Bij aansluiting op de Mac verschijnt je apparaat niet in de navigatiekolom
Als je je iPhone of iPad met een USB-kabel op je Mac hebt aangesloten en het apparaat niet in de navigatiekolom van de Finder verschijnt, controleer je of je in de Finder-voorkeuren de juiste optie hebt geselecteerd.
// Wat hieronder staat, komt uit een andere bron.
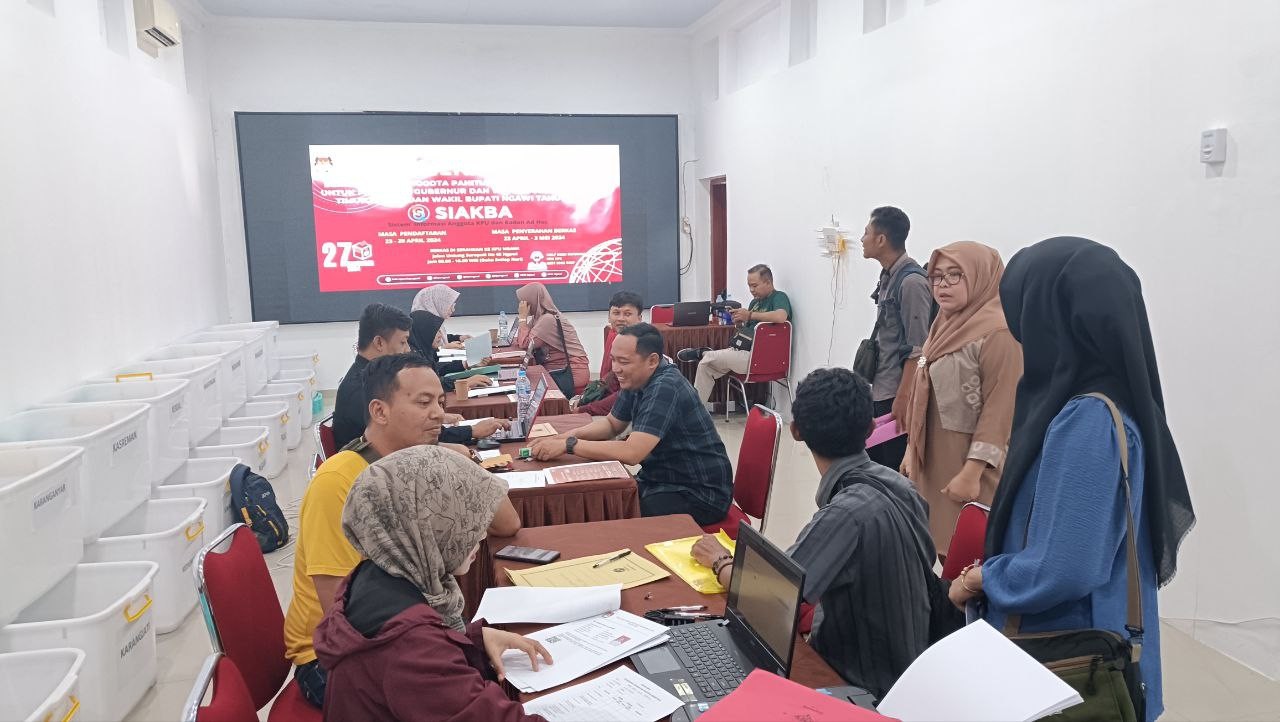 Ngawi, kab-ngawi.kpu.go.id - Komisi Pemilihan Umum (KPU) Kabupaten Ngawi hingga 28 April 2024 telah menerima sebanyak 114 berkas pendaftaran calon panitia pemilihan kecamatan (PPK) untuk Pemilihan Kepala Daerah (Pilkada) Tahun 2024 di wilayah Kabupaten Ngawi. Komisioner KPU Kabupaten Ngawi Divisi Sosialisasi Pendidikan Pemilih, Partisipasi Masyarakat, dan SDM Sudarsono, Minggu, mengatakan bahwa sejak Selasa (23/4/2024) sampai hari Minggu (28/04/2024) pukul 16.00 WIB, terdapat 114 orang yang menyerahkan berkas. Sedangkan yang telah mendaftar di https//siakba.kpu.go.id , adalah 188 orang.” kata Pak Dar. Seperti diketahui, pendaftaran PPK dan PPS menggunakan sistem informasi berbasis web (online) yaitu Sistem Informasi Anggota KPU dan Badan Ad Hoc (SIAKBA). Setelah membuat akun, maka wajib mengunggah berkas secara online, untuk kemudian melakukan klik daftar. Setelah mengunggah berkas dan klik pendaftaran secara online, pendaftar harus menyerahkan berkas di kantor KPU Kabupaten Ngawi. “Berkas asli itu nanti yang akan diverifikasi keabsahannya. Dan nantinya menjadi acuan, kelulusan secara administrasi dan menentukan calon untuk masuk ke seleksi selanjutnya” demikian disampaikan Kasubbag Hukum dan SDM Gandha Widyo Prabowo disaat membersamai tim helpdes PPK PPS. Di Kabupaten Ngawi, dibutuhkan 95 orang PPK yang akan bertugas pada 19 Kecamatan. Pendaftaran ditutup pada 29 April 2024 pada pukul 23.59 pada siakba.kpu.go.id. Adapun penyerahan berkas selambatnya tanggal 3 Mei 2024. Sebagai catatan, bagi pendaftar yang memang berhalangan untuk menyerahkan langsung ke kantor KPU Ngawi, dapat mewakilkan pada orang lain, dengan memastikan terlebih dahulu bahwa berkas telah lengkap dan nantinya mendapatkan tanda terima dari KPU Kabupaten Ngawi. Untuk seleksi selanjutnya, kemungkinan besar akan kembali dilaksanakan dengan menggandeng kerjasama dengan lembaga pendidikan, untuk seleksi dengan sistem CAT (computer assisted test). (Ds/Hupmas KPU Ngawi)

Belangrijk: Werk je apparaat bij naar de nieuwste versie van iOS of iPadOS om te zorgen dat het compatibel is met de synchronisatiefuncties in macOS. Raadpleeg de gebruikershandleiding voor de iPhone, iPad of iPod touch voor informatie over het bijwerken van een iOS-of iPadOS-apparaat.
Verbind je apparaat met de Mac.
Je kunt je apparaat aansluiten via een USB- of USB-C-kabel of via een wifiverbinding. Zie Materiaal via wifi synchroniseren tussen je Mac en iPhone of iPad om synchronisatie via wifi in te schakelen.
Kies in de Finder op de Mac 'Finder' > 'Voorkeuren' en klik op 'Navigatiekolom'.
Schakel onder 'Locaties' het aankruisvak 'Cd's, dvd's en iOS-apparaten' in.
Controleer of het apparaat nu wel in de navigatiekolom (onder 'Locaties') wordt weergegeven.
Klik op het apparaat om de synchronisatieopties weer te geven.